I can't say that I have seen many of early drawings of the station. What I do remember seeing were always designs in a modern style similair to what was built.

I would suggest trying a search through www.railpictures.net which is probably the best site I know of on the internet for North American rail photography. Most of the pictures are more recent and user submitted but often you come across rather interesting historical ones so perhaps they might have something there.

You could check out La Grande Bibliotheque and search through their records and see what you could find. If there was something that is only available at the library just let me know and perhaps and I can dig it up and make copies the next time I am there.
 
there was a late-20s era proposal for a very grand union railway station and office tower, but the railroads never got their act together and montreal contined to have three main railway stations.

unfortunately, i have no idea where to find a rendering of this proposal.
 
I'm just going by recollection, but I believe Central Station wasn't opened until around the beginning of WWII--presumably depression, etc, was a factor. And the present office towers didn't spring up for another couple of decades.
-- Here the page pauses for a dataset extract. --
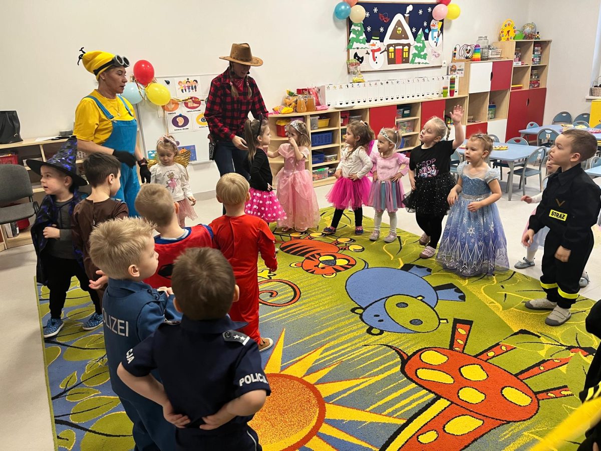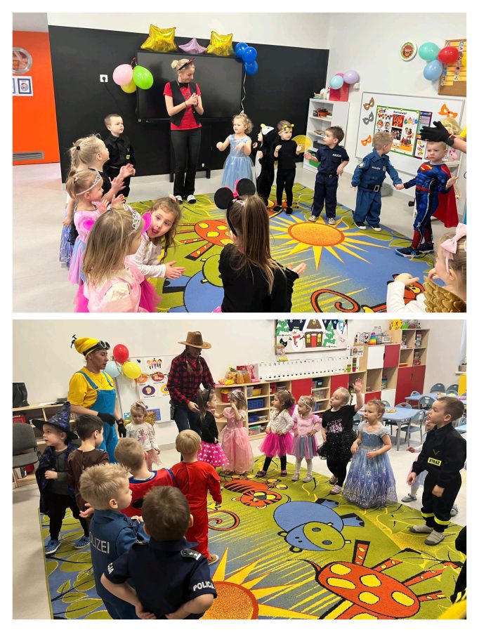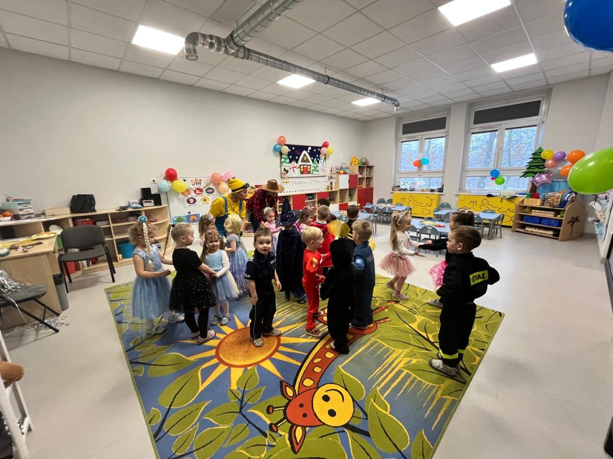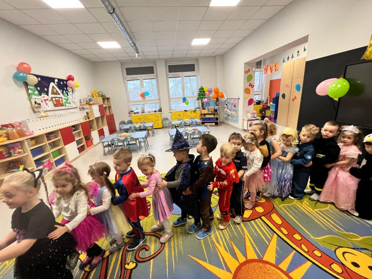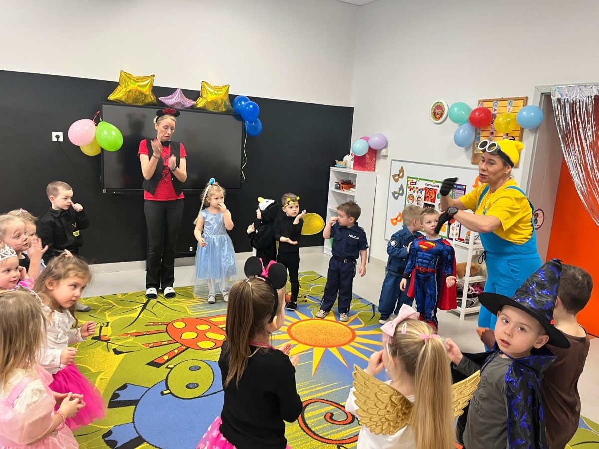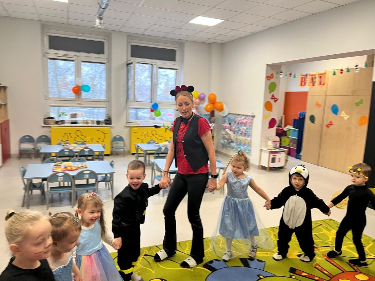 W piątek w naszym przedszkolu odbył się radosny bal karnawałowy. Tego dnia sala wypełniła się kolorowymi postaciami – były księżniczki, superbohaterowie, zwierzątka i bajkowe postacie. Nie zabrakło wesołych tańców i zabaw przy muzyce, podczas których dzieci z dumą prezentowały swoje stroje. Przedszkolaki bawiły się znakomicie, uczestnicząc w różnych zabawach ruchowych i tanecznych. Po szalonej zabawie czekał na dzieci poczęstunek, który pozwolił wszystkim nabrać sił do dalszej zabawy. Bal karnawałowy dostarczył dzieciom wielu radosnych przeżyć, uśmiechów i niezapomnianych wrażeń. To był dzień pełen kolorów, muzyki i dobrej zabawy! 🎉👑🦸♀️
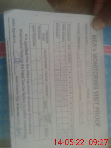 | Attendance Register | Head Teacher | MEA with School | Visit Proof |

So if the aesthetics are different, it's the same reason why the Bank of Nova Scotia at Bay + King is pared-down compared to the original John Lyle proposal. (Or why Bay-Adelaide won't look like its 1989 incarnation.)
 
And keep in mind that until the late 50s, Central Station was basically a utilitarian facility atop railyards--sort of a "Warden subway" experience in the middle of Montreal (although Carroll Meeks praised its "functionalism" in his book on rail stations).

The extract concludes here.